Мазура поглядывал на крестный ход скептически: баптисты не признают сложных обрядностей православной церкви.
— Обман! — сказал он. Фоку окружила кучка кре-стьян-баптистов. Тут же, как на беду, находился и Гудзенко. — Обман! Мы кладем секиру под корень таинств, ибо они — обман! — высокопарно сказал Мазура.
— Верно, что обман, брат Фока, — согласился кто-то из баптистов. — Ходили православные, по заблуждению своему, просить попа о крестном ходе, а он ведь не сразу согласился! Господь, говорит, карает людей за скупость. Ну, собрали ему денег. А он все не идет. Говорит: не даст господь дождя, за грехи карает, — молиться надо. А сегодня с утра заторопился, давай крестный ход поскорей, сию минуту. А почему? Барометр у него есть, аппарат такой, по-научному погоду предсказывает. И как раз сегодня повернуло на дождь.
— Завтра дождь будет! Не сегодня, а завтра! — вставил Гудзенко.
— А ты откуда знаешь? — холодно спросил Фока.
— А мне в пятнадцатом году немец руку прострелил. С тех пор не рука, а лучше всякого барометра: как накануне дождя, так ее из меня все черти тянут.
Окружающие засмеялись.
— Вот не можешь, не можешь ты, чтобы нечистую силу не помянуть, — укоризненно заметил Фока.
Тут Гудзенко, с обычной своей добродушной улыбочкой, опять запустил Фоке шпильку.
— А что? — сказал он. — Нам черти не страшны! Они себе в аду живут, печку топят. А по-моему, та сила нечистая, которая на земле людям жить не дает.
Фока насторожился.
— Это ты о ком?
— О ком? Что ж, разве еще объяснять надо, кто у людей хлеб изо рта забирает?
Хотя Фока не был назван по имени, и он и все окружающие отлично поняли намек.
Новая обида попала на старые дрожжи. Фока рассердился.
— Я тебя, дурака темного, кормлю, — заметил он го-
лосом, в котором уже не было ни капельки обычного елея. — Тебя и сынка твоего голодранного! А ты вот какую благодарность показываешь?
На это Гудзенко, все с той же, несомненно милой, но ядовитой улыбочкой, спокойно заметил:
— Тебя я, хозяин Фока, по имени не называл. Но если ты сам признаешься, так пожалуйста! И тогда я скажу: не ты нас кормишь, а мы тебя! Это мы на тебя работаем, а не ты на нас. И не мы тебя благодарить должны, а ты нас, если говорить по-правильному.
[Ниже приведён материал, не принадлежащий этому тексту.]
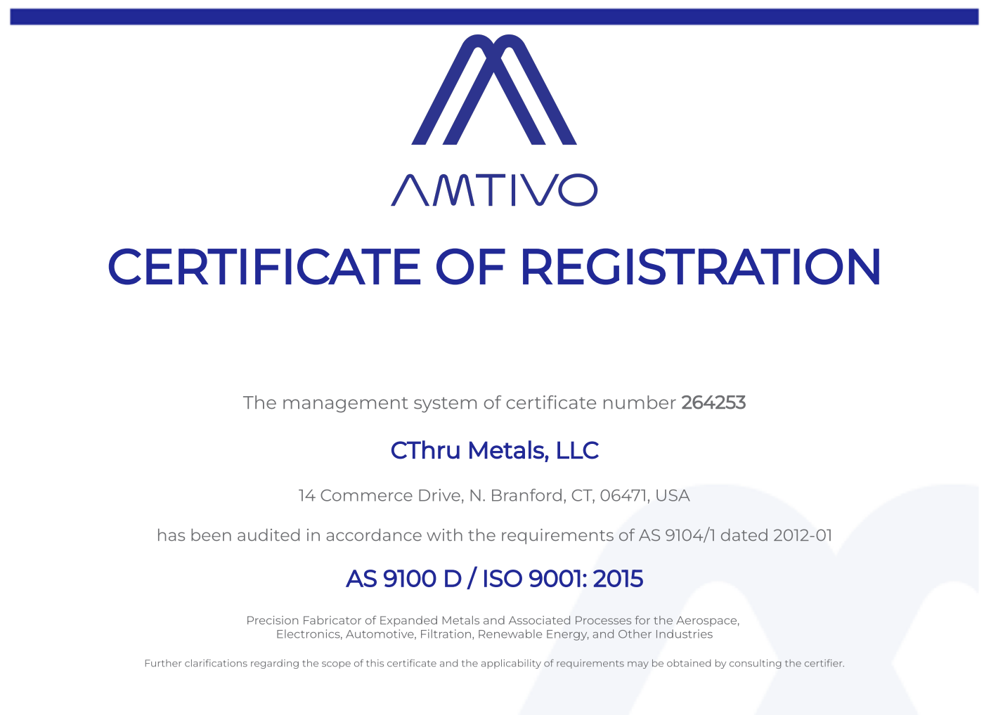 CThru Metals is certified to the AS9100D & ISO 9001:2015 standards to show our ability to consistently provide products and services that meet customer and applicable statutory and regulatory requirements.

А что касается того, что народ у нас темный, так ведь ты за это должен господа славить. Что бы с тобой стало, если бы народ поумнел!
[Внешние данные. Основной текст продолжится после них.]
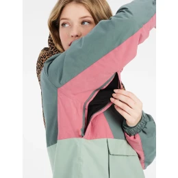 Polovzdorné manžety s háčkovým uzávěrem, ventilační zipy pod pažemi a kapsa typu kangaroo pomáhají udržet teplo, suchost a optimální teplotu.
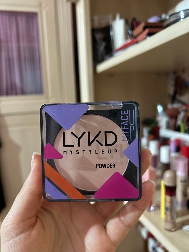 LYKD MYSTYLEUP açık bej tonunda yüz pudrası, pürüzsüz bitişli. Renkli geometrik detaylara sahip kompakt tasarım. Ambalajda POWDER, MYSTYLEUP, LYWD yazıları bulunur.

Фоку точно скрутило, свело. Он даже весь изогнулся, как в судороге.
— Большевик! — прошипел он. — Большевик!
По тому, как нервно он засеменил прочь, все почувствовали, что дело кончится плохо. Фока непременно повидается с шефом, и завтра Гудзенко будет объясняться с сигуранцей.
Месть Мазуры оказалась более жестокой, чем полагали.
Вечером он действительно пошел к шефу Петру Ионеску.
Рассказав все об Иване Гудзенко, он внезапно спросил:
— А как насчет тех бумажек? Дознались вы, чьих рук дело?
— Нет! — понуро сказал жандарм. — Ищу — не нахожу. Думаю — не могу ни на кого подумать. Главное, кто бланки таскает и печать?
— Это самое первое! Кого подозреваете?
— Да никого! Вот прямо-таки не знаю, на кого подумать.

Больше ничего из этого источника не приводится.